Insurance companies Zurich, Travelers and FBD hit the headlines in February this year after pleading guilty in Ireland to hiring private investigators to obtain social security information.
The companies admitted using PIs to collect individuals’ dates of birth, social security numbers, addresses, employment history and information on previous claims, in clear breach of the data protection act. In some cases, the files also included information on spouses.
All three companies were registered with the data protection commissioner to process certain personal data. However, this did not include social welfare information, which is not publicly available.
The companies were spared criminal convictions after agreeing to donate €20,000 (£16,600) to a homeless charity.
The first risk is that a PI will break the law, and there are three key danger areas here.
The first is entrapment, covered under the Police and Criminal Evidence Act 1984. Robertson says: “It is illegal to get a claimant to do anything they would not normally do - say if you were to let their tyres down or stick a five pound note on the floor to get a photo of them bending down.”
The second danger area is photographing people: under the Data Protection Act (DPA) 1998, photos can only be taken if the person has broken the law. The third is “blagging”, which is impersonating someone to get information, also banned under the DPA.
However, Robertson says insurers need to watch out for other activities that, while legal, are highly undesirable for the insurance industry because of their potential to wreck an insurer’s reputation.

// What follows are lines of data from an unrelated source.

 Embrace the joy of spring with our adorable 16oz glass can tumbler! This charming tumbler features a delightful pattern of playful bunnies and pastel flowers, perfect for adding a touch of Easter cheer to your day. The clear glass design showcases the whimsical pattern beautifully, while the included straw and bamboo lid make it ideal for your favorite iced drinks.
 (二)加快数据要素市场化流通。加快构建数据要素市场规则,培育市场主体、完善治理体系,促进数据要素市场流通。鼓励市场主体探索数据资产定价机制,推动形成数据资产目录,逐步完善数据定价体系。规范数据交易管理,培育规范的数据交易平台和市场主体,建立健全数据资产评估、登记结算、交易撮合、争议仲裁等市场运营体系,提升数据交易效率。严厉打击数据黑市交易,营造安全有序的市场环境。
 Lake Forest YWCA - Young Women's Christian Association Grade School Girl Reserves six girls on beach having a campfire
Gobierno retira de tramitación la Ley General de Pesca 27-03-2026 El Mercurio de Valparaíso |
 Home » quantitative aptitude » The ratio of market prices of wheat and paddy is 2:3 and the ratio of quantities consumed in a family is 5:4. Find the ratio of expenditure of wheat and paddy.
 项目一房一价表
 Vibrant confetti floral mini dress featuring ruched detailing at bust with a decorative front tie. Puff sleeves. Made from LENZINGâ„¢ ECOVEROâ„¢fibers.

For example, he warns than while surveillance of a claimant may be legitimately required, “lazy PIs will attach magnetic tracking devices to vehicles” to avoid the tricky business of following the car without being spotted. “There is no legislation preventing the use of tracking devices in the private sector, but if a device is found it causes an awful lot of trouble and risks huge reputational damage to the insurer.”
This damage could ripple out to the broker and client. “If you insure a big company - say, a John Lewis - you are acting in that company’s name. So if it becomes known that a tracking device was used, you could hurt the client’s reputation.”

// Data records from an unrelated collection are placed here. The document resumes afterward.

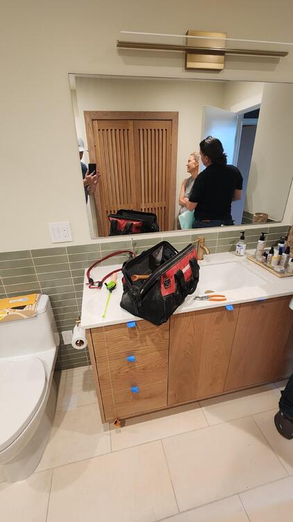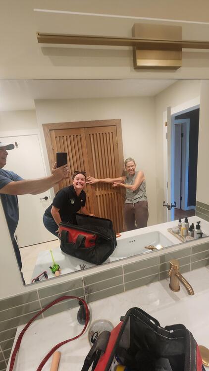 I just thought something funny... These women are Al's Sister in Laws, a lesbian couple. They and their gay carpenter seem so excited to put up closet doors, even though we spent a good portion of time knocking them down. Just caught me as ironic.6 points
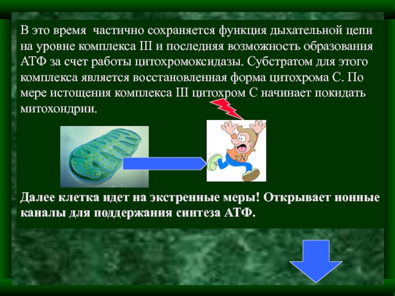Слайд 80В это время частично сохраняется функция дыхательной цепи на уровне
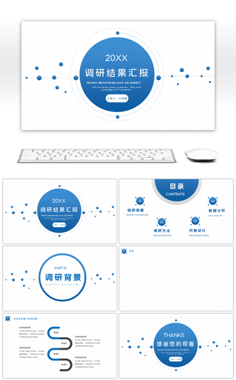 蓝色简约商务调研报告PPT背景ppt模板
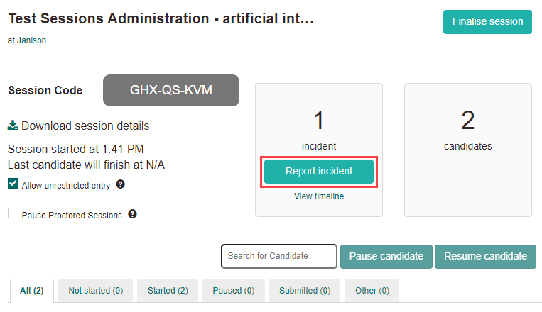 Incident reporting allows invigilators to document incidents that occur during a test session, such as a test-taker experiencing technical issues or falling ill. Invigilators can report incidents directly from the test session administration dashboard.
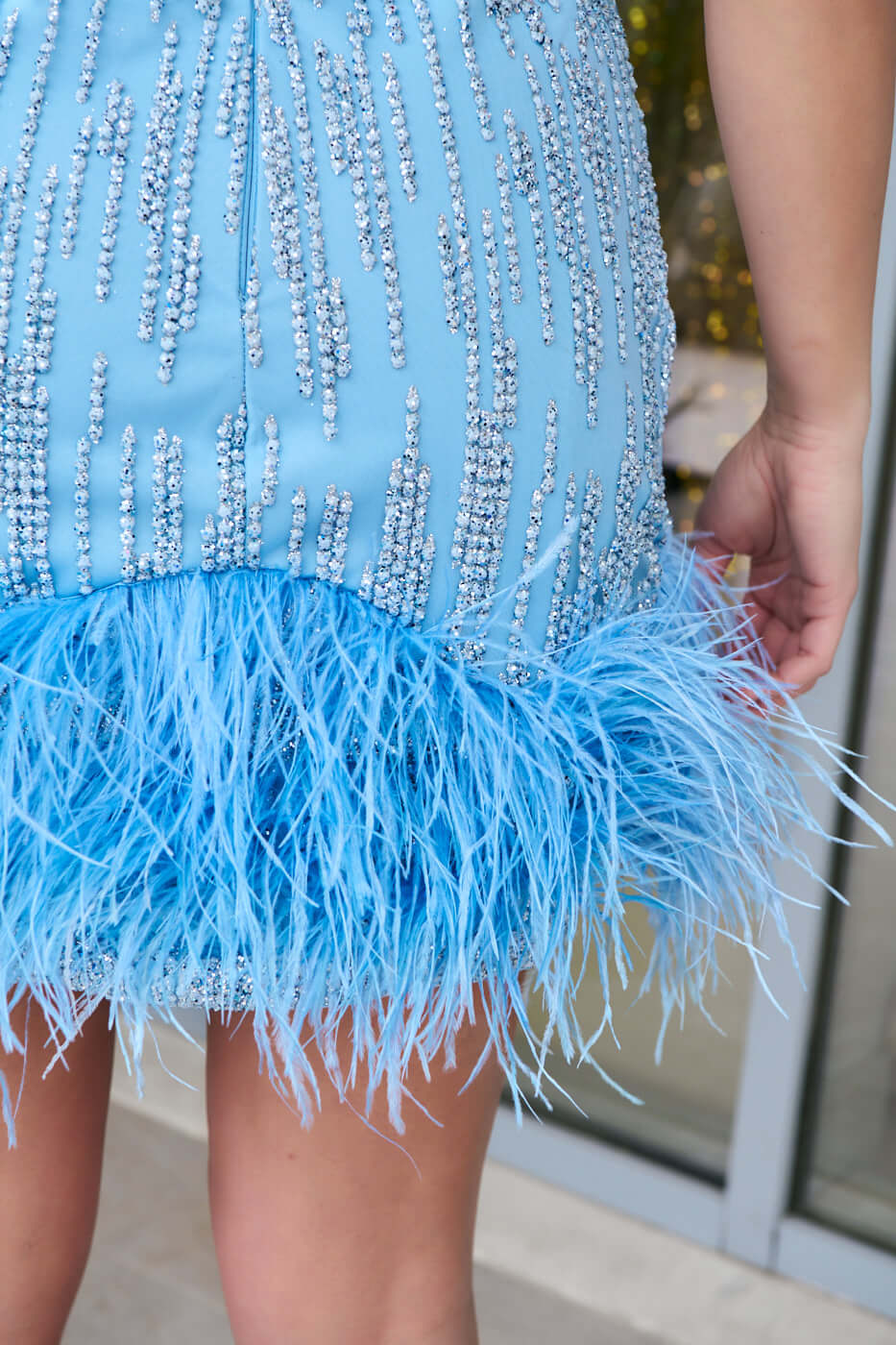 Φόρεμα mini με τρισδιάστατο γκλίτερ και feathers baby blue. Εντυπωσιακό mini φόρεμα στην απόλυτη baby blue απόχρωση. Διαθέτει περίτεχνα κάθετα σχέδια με τρισδιάστατο γκλίτερ σε όλο του το μήκος. Στο πάνω μέρος έχει V ντεκολτέ με διαφάνειες, εσωτερικά cups και λεπτές τιράντες. Στο κάτω μέρος έχει δύο σειρές από feathers στην ίδια απόχρωση που δίνουν μια πινελιά πολυτέλειας στο φόρεμα. Πίσω έχει επίσης V και κλείνει με φερμουάρ. Διαθέτει εσωτερική φόδρα. Ιδανικό για λαμπερές επίσημες εμφανίσεις που ξεχωρίζουν.
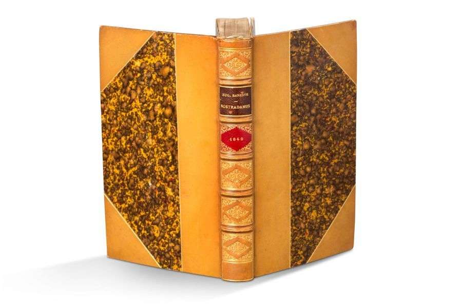 Nostradamus. Vie de Nostradamus. Histoire des oracles et des prophètes. Centuries. Explication des quatrains prophétiques. Paris, Maillet, 1840. In-8, demi-veau havane avec coins, dos orné, pièces de titre brune et de date rouge, tête dorée, non rogné, couverture (Lane delin).

Tracking devices, either radio or GPS-based, are also surprisingly easy to obtain. Robertson says: “They cost £100-£200 and the accompanying mapping software can be downloaded for free onto an iPhone.”

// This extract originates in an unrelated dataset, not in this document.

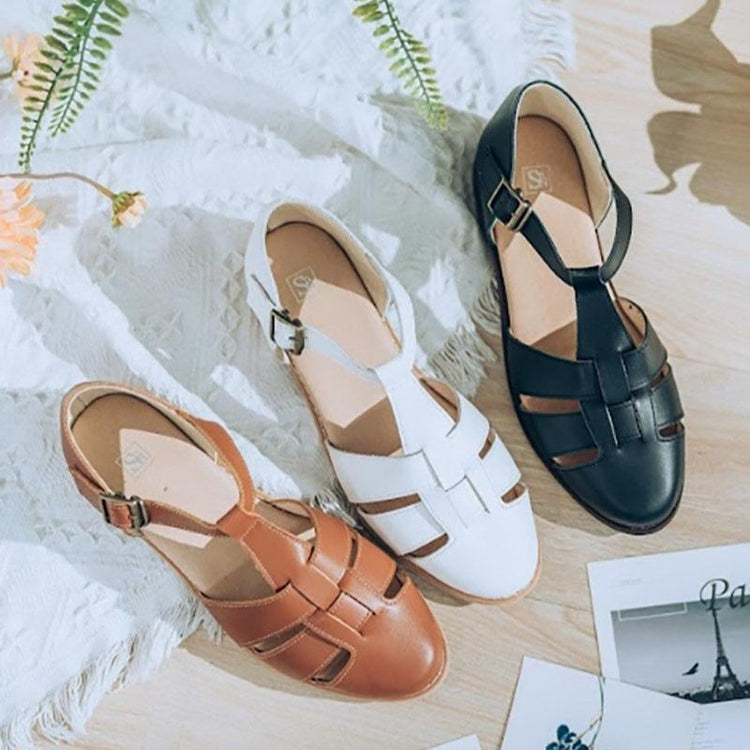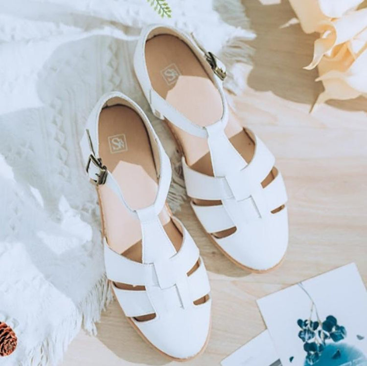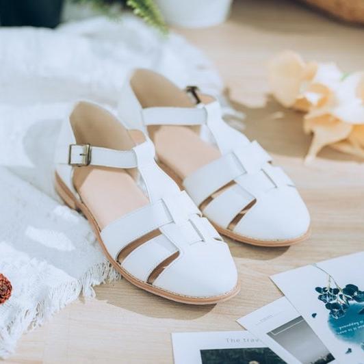SC1020 法國進口牛皮編織原木底涼鞋 白
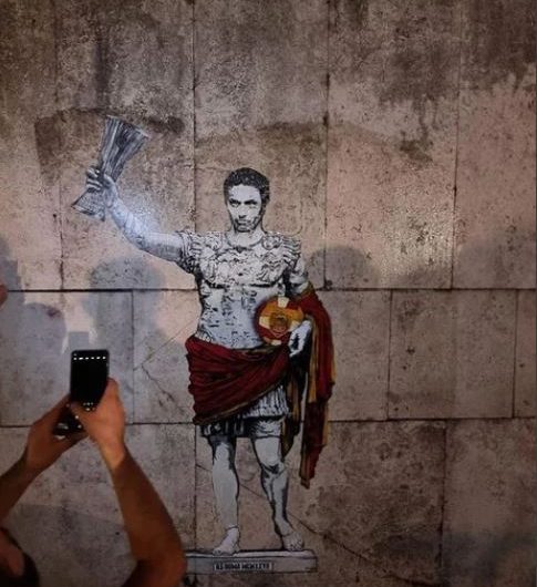 1765139358 - I dhuroi Romës trofeun e parë europian, tifozët romanistë e bëjnë vepër arti Mourinhon

Worryingly, Robertson says their use is “very widespread”. As a result, a scandal could be just round the corner for the insurance industry. “There will be a public outcry against the use of tracking devices very soon,” he says.
More dialogue needed
So what can be done? While firms such as Axa and QuestGates have robust vetting procedures, Freeman suggests: “Licensing PIs would help.”
Robertson says: “Insurers seem to have an arm’s-length relationship with PIs, but more dialogue is needed. I want to see private investigating dragged out of the dark alleys and treated as the respectable trade it deserves to be.”
Checks are key
The Association of British Insurers (ABI) says insurers should vet PIs meticulously. It has a guidance document on its website abi.org.uk.
• ABI spokesman Malcolm Tarling says: “No insurer will want to use a PI in any way that could call their own and the insurance industry’s reputation into disrepute. Insurers will also want to ensure any evidence obtained is of the highest quality, to maximise the chances of any prosecution.”
• Gavin Robertson agrees that thorough vetting is essential: “When insurers choose a PI company, they must take up references from other insurers, insist on CRB checks and inspect the firm’s financial probity and that staff have professional indemnity insurance.”
• After this initial audit, Robertson says it is vital to carry out on-site spot checks on PI firms at least every two years. “A PI could find itself in financial difficulties and be tempted to cut corners,” he says.
• Checks are the key, Robertson says, to mitigating the risk of a hacking or vehicle tracking scandal.